Courtesy Northland Community and Technical College

At the East Grand Forks campus, the respiratory therapist students come into class for four days each month for hands-on training. The rest of their learning can be done online around their work schedules. Koland helped set up a secondary lab section at CentraCare in St. Cloud, Minnesota, for students who are coming from the Minneapolis area or surrounding communities. Those who are north of St. Cloud come up to the East Grand Forks campus. This means less travel and they can stay closer to home.

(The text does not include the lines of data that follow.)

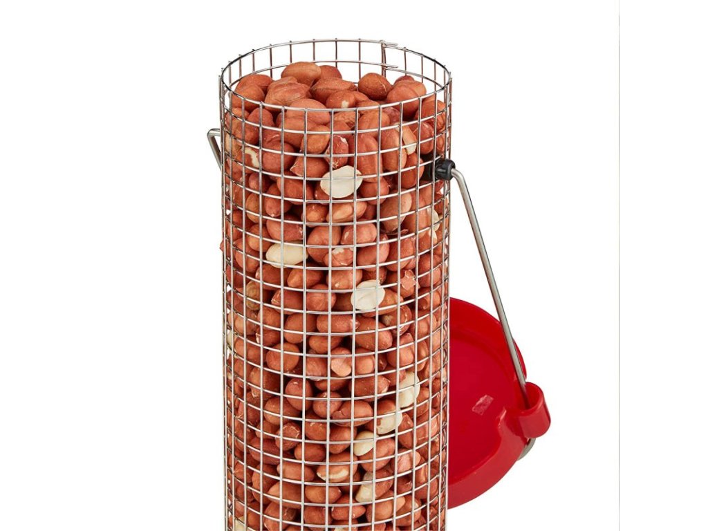 Do krmítka se vejde cca 0,5 litru potravy, vhodné jsou lojové peletky, celé arašídy nebo různé loupané oříšky.
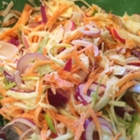Directions Shred all the veg. Mix the mayo and vinegar, stir into the shredded veg, mix in the fennel seeds and season.
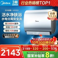 美的 TECH 80升电热水器 活水净肤UDpro双3300W 大容量速热家用智能安全电热水器,搭载活水净肤技术,有效减少内胆沉淀物,出水洁净呵护肌肤,双3300W速热系统,加热更快,热水供应更充足,满足全家洗浴需求。智能预约加热、远程操控,使用更便捷,多重安全防护保障洗浴安全。
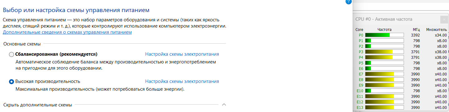 Это у меня на АНУС РОГ СТРИКС на Z690 и 13600каеф Настройки такие IA CEP отключен AC loadline 0.3 DC loadline 0.9 LLC level 3 Адаптив оффсет на ядра -0.175 В Адаптив оффсет на кольцевую шину -0.075 В Адаптив оффсет на L2 кэш e-шек -0.075 В Остальные настройки в БИВАСе - тайминги/напруга памяти и курва вентиляторов к процу отношения не имеют БИВАС в дефолте сам поставил интеловские ограничения - 181 Вт PL1/PL2 и 200A В винде паверплан "Максимальная производительность" и приоритет на P-ядра
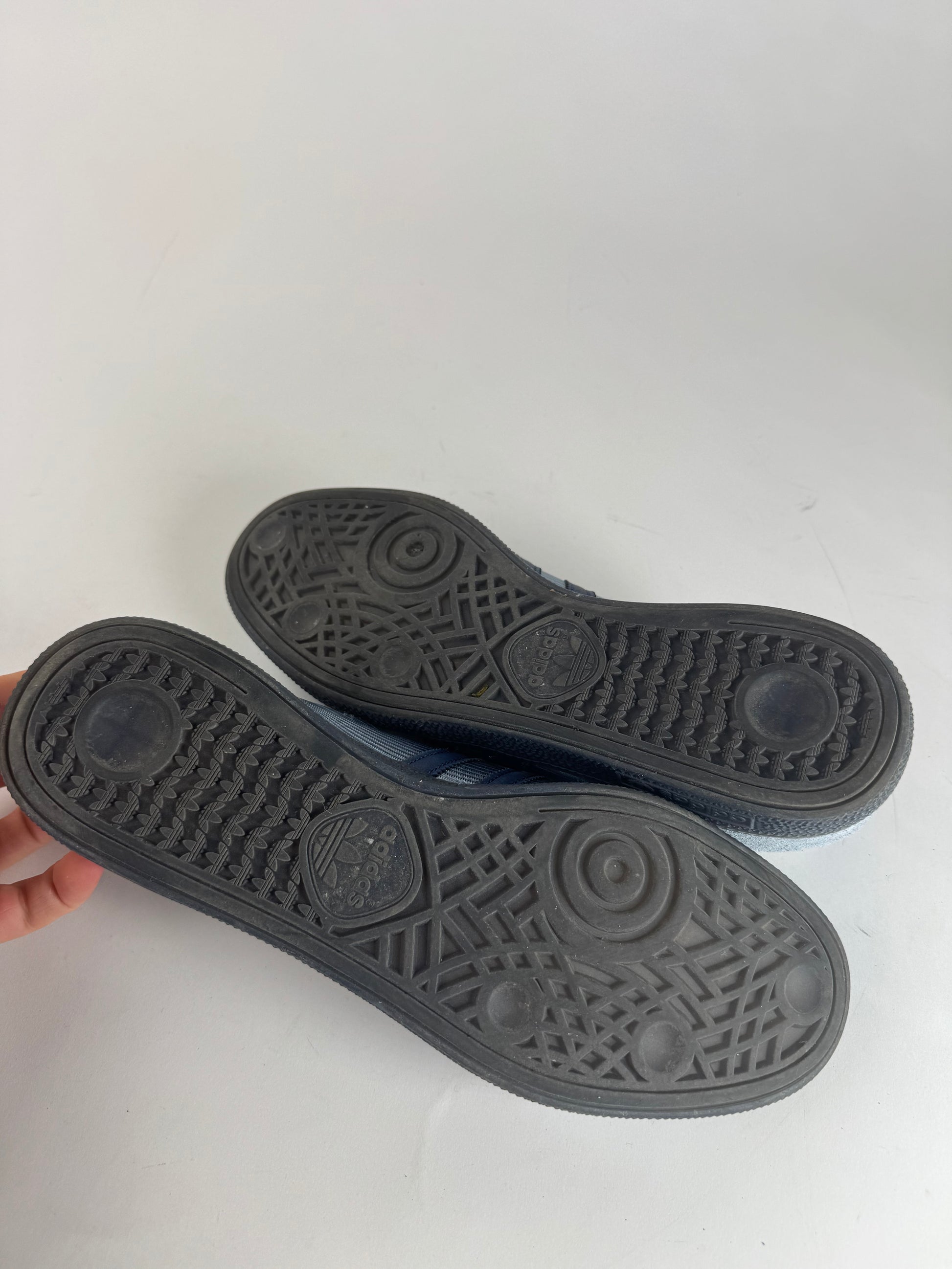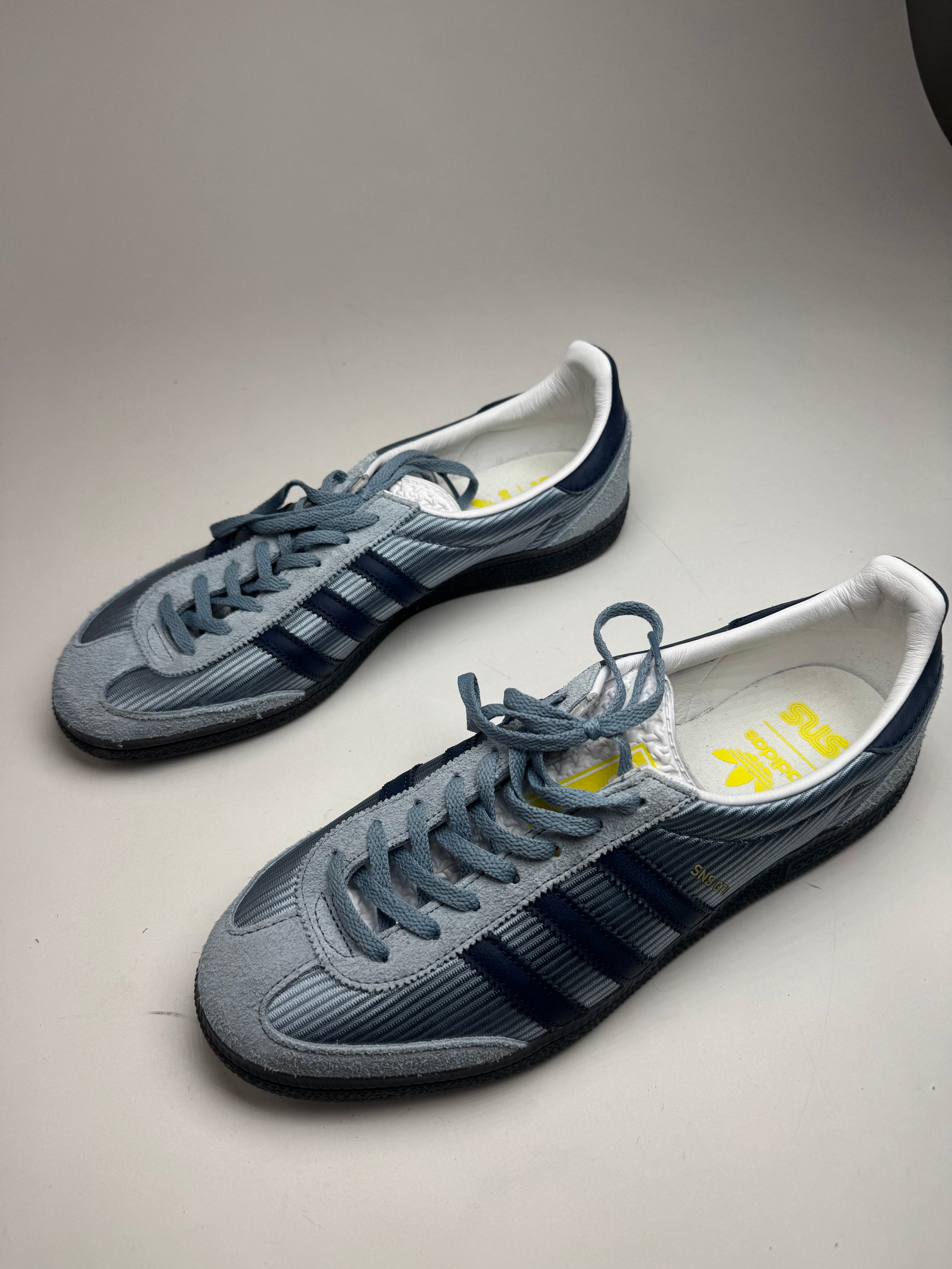 ADIDAS Samba Metallic Sneakers. These chic sneakers are finely crafted of metallic leather with navy blue stripes and light blue suede detailing. The shoes feature a black rubber sole and a white leather interior.
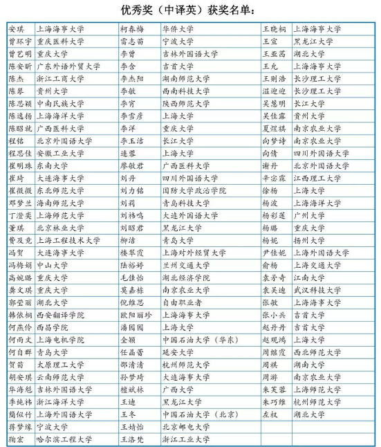 特别值得一提的是,米兰网页版20名学生在此次大赛中获奖:宋俐荣同学在笔译(中译英)的比赛中荣获三等奖,李玉洁、吴慧2名同学获笔译(中译英)优秀奖;陈丽君、陈丽萍、陈子豪、郭忆庆、黄珊珊、黄旑嫣、金倩、雷婧霞、林立、旁媛、彭千、王碧容、王楚豫、项倩宇、徐鲁宁、杨雅涵、周钰等17名同学获笔译(英译中)优秀奖。(获奖名单如下)
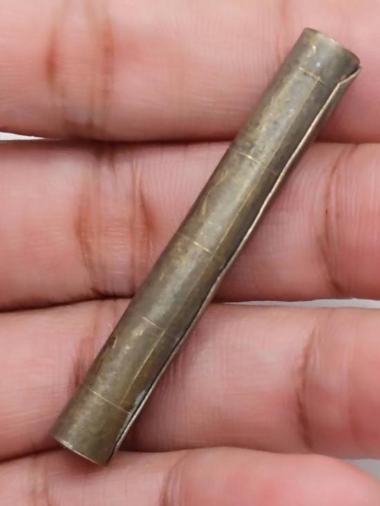 เคาะแรกแดง ตะกรุดมีรอยจารคำว่า คงกพัน กับมีรอยจารอักขระ ไม่ทราบที่ ไม่ทราบเกจิ |
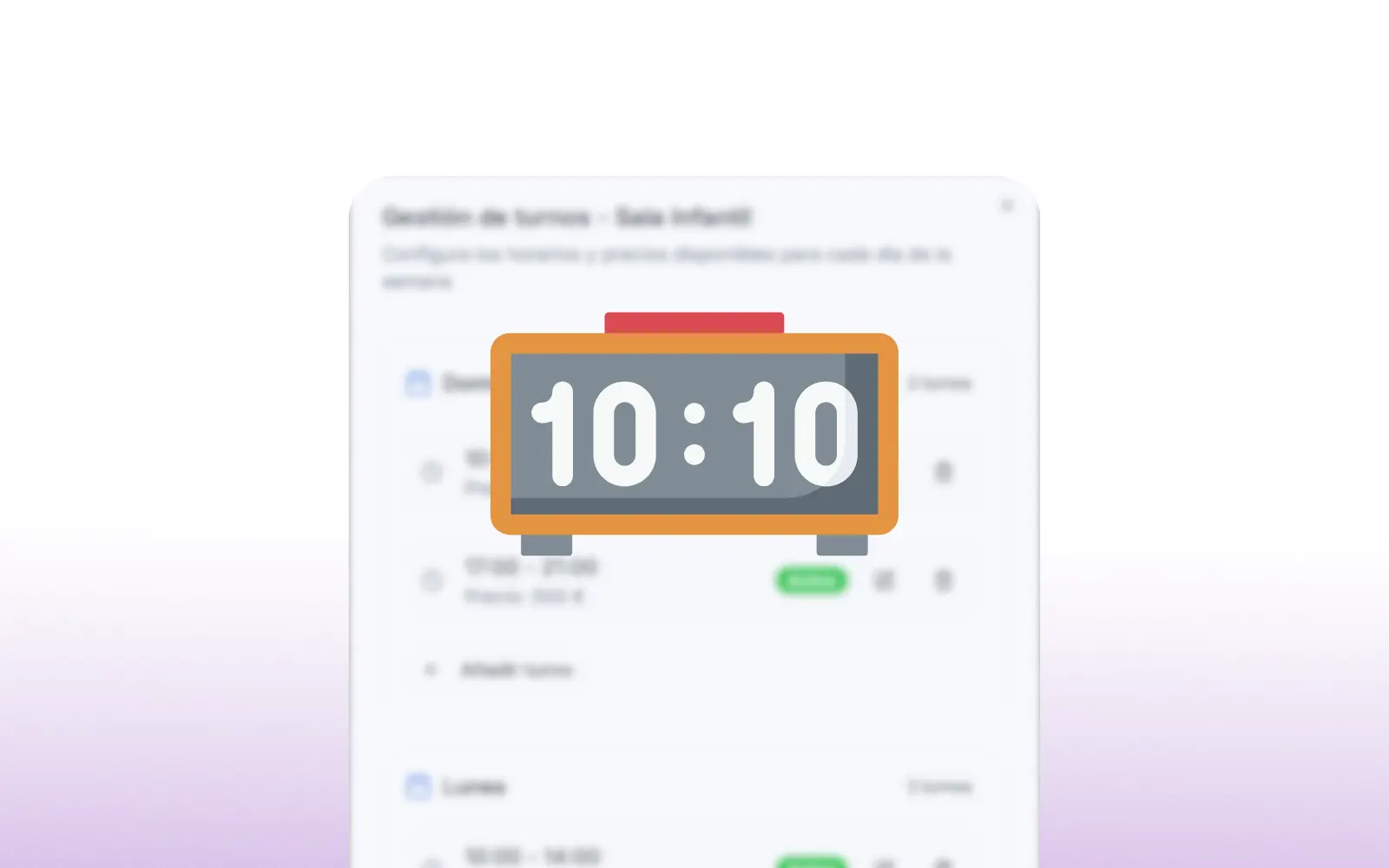 Configura salas que funcionan por duración, con precio por hora, límites de tiempo y disponibilidad real.
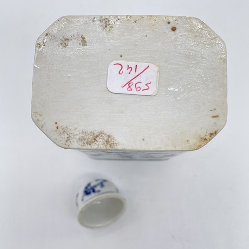 BOÎTE A THÉ couverte, en porcelaine à décor en cainaïeu bleu de branches fleuries.
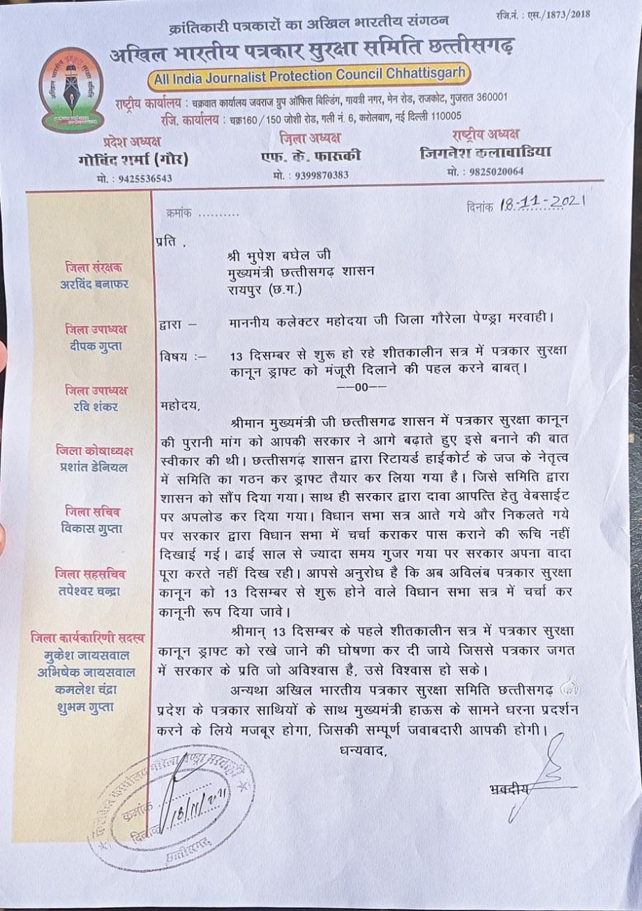 रायपुर/बिलासपुर-: प्रदेश में पत्रकार सुरक्षा कानून की लड़ाई को लगातार जारी रखे हुए अखिल भारतीय पत्रकार सुरक्षा समिति छत्तीसगढ़ ने सरकार को इस शीत कालीन सत्र पर विधानसभा में कानून को लागू करने की मांग को लेकर प्रदेश स्तरीय जिला,ब्लॉक में पत्रकारों द्वारा ज्ञापन सौंपा जा रहा है जिसमे बिलासपुर,सूरजपुर,गौरेला-पेंड्रा-मरवाही जिला मुख्यालय में ज्ञापन सौपा गया।
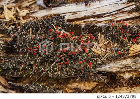 small red mushrooms on tree trunk. vegetation in forest of kazakhstan
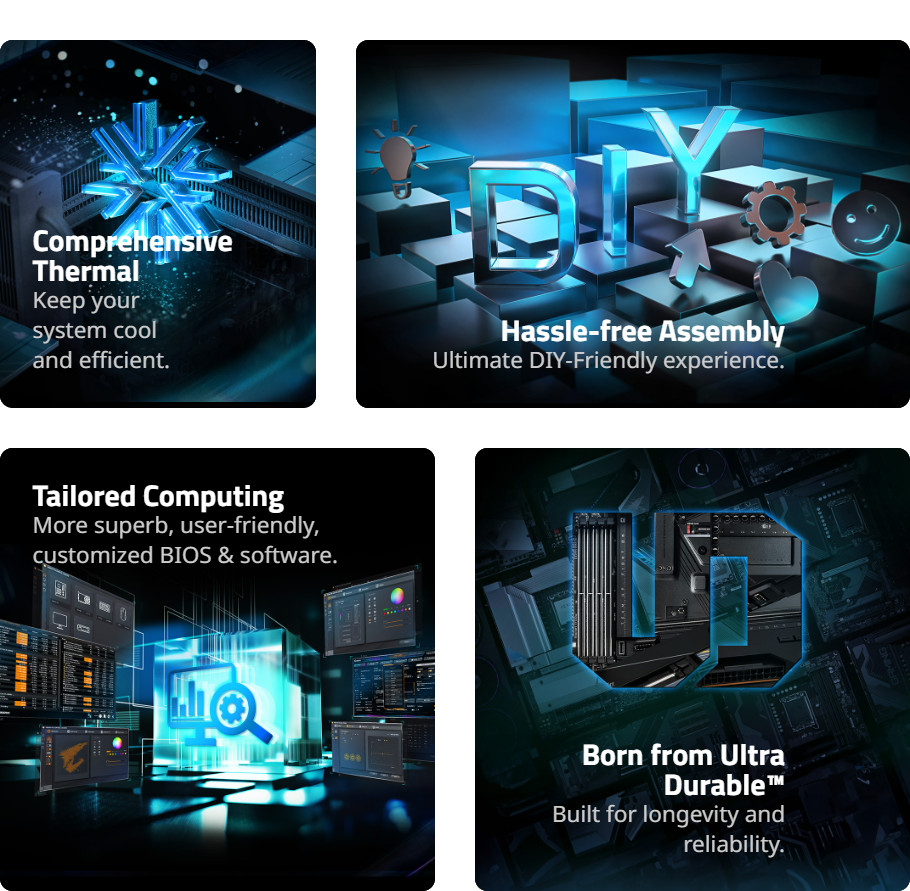 Základní desky GAMING jsou vybaveny pokročilou celokovovou tepelnou konstrukcí a odolnými chladiči, které udržují váš systém chladný a výkonný.
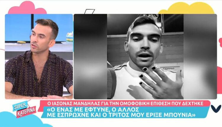 «Ήταν λίγο σοκαριστικό. Όλα έγιναν, επειδή είχα βάψει τα νύχια μου μαύρα. Ήταν 9 το βράδυ και μόλις είχα τελειώσει την πρόβα μου για το Pride, όπου και θα εμφανιστώ. Ήμουν στο μετρό του Περιστερίου και είπα να πάρω κάτι να φάω. Κάθομαι λοιπόν και παίζω με το κινητό μου και με πλησιάζουν τρία 14χρονα, το πολύ 1.69 και 50 κιλά, κρατώντας τσιγάρο. Με ρωτάει τότε, ο ένας γιατί έχω βαμμένα νύχια. Εγώ του απαντάω: “Γιατί έτσι μου αρέσει. Πειράζει κανέναν;”», περιέγραψε ο Ιάσονας Μανδηλάς.
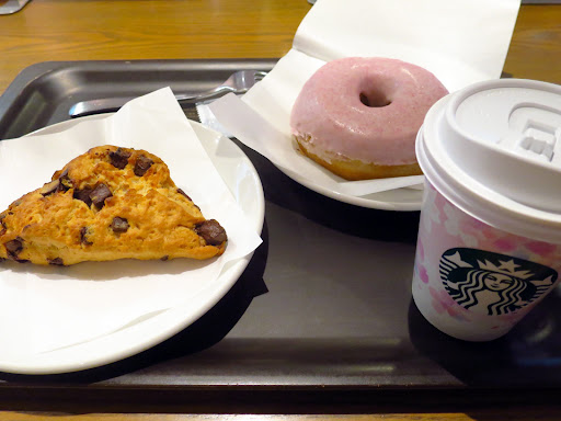 Strange problems with the Wi-Fi forcing me to dictate this review for later. But it doesn't seem to be just the Starbucks Wi-Fi, but also my own, so unclear if it counts against this Starbucks. Anyway the restaurant is kind of interesting decor with probably 60 seats in a kind of zigzag arrangement. Only eight seats with power for charging. But apparently some kind of rule about buying something every hour? Strangest thing is a bunch of things on the ceiling that looked like pull-down screens. One of the employees said they did pull down, but that they were not screens for projecting, but for something else.
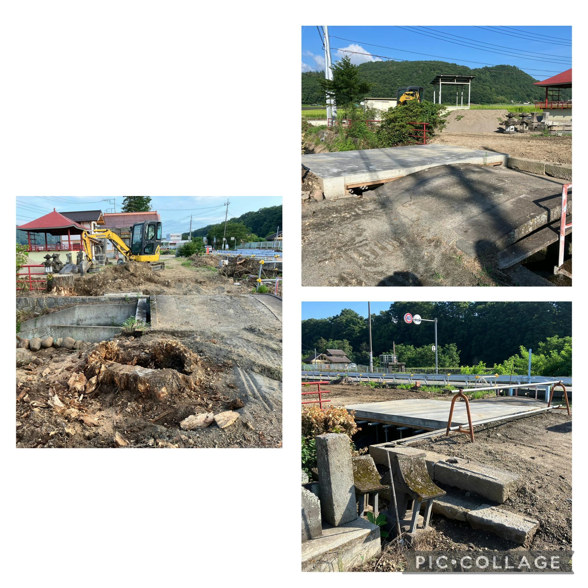 神社参道を横切る藤井堰にかかる石橋(太鼓橋)の移築工事中です。
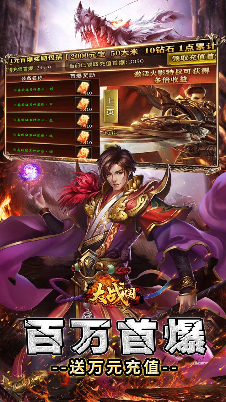 1、上线重生2选1,更有无限分身启航套装伴君而行!上线属性数十万亿!超爽超炸裂! 2、刀刀爆充值,红包爆满地!砍瓜切菜也可激活顶赞神豪 冠名! 3、全屏分身术,属性暴涨!暴涨!免费的爆率透视,公开透明可见怪物产出红包! 4、百万首爆,上线半小时,白漂上万米!充值送送送! 5、1米当上大老板!送终极透视戒指,开启火眼金睛,透视高阶材料终极装备!更送终极全屏分身术!
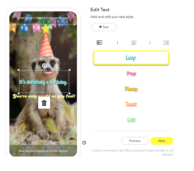 The next step is to add text. Add as much as you want, place it where you want, and choose from several font and color options.
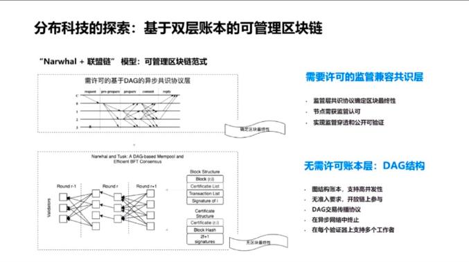 对于可管理区块链的实现,我们的研究人员最近在论文中找到了一些可行的方向。其中一个可行的方向是Facebook主导的Libra项目,其发表的一篇论文——《Narwal and Tusk》 ,介绍了一种新型的共识,这个新型共识分成两层,第一层有一个DAG,是一个树状的结构,形成最初的候选的第一层账本,而第二层是一个共识的小组,这一层对候选的账本进行最终的落账。通过这样的两层共识机制,区块链就可能实现可管理,可以做到前文所述的五点:可审查、可编辑、可授权、可治理和可审计。
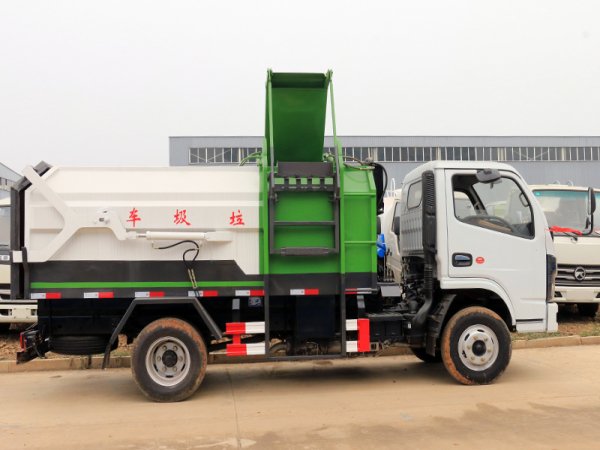 该车箱体有效容积:5立方,箱体前部侧面带有挂桶提升机构,可自动举升垃圾桶倒入垃圾,带自卸功能,尾部装有橡胶密封条,防污水滴漏,杜绝二次污染。挂桶垃圾车可根据客户要求搭配120升或240升塑料桶和铁桶。

Koland said her ultimate goal is to set up a similar mirroring lab section in the western part of North Dakota, where they are hurting for respiratory therapists. Students who live there could stay close to home while earning their degree, and then hopefully become employed at rural hospitals in that region.

Industry partnerships have been crucial in expanding the program, she said. Some of those partners help recruit students from within. Some of the program’s popularity comes from word of mouth, too.

“We also work with Bemidji Sanford, which is sponsoring students, and Alomere Health in Alexandria. We work with the hospital itself to put students in our program. We will train them and send them back and they will then be employees. We’re feeding back into that system,” she said.

According to the Bureau of Labor Statistics, employment of respiratory therapists is projected to grow 13% from 2023 to 2033, faster than the average for all occupations. About 8,200 openings for respiratory therapists are projected each year on average, over the decade.

“The more we can meet the students where they are and feed into the health systems, the better off everyone will be,” Koland said.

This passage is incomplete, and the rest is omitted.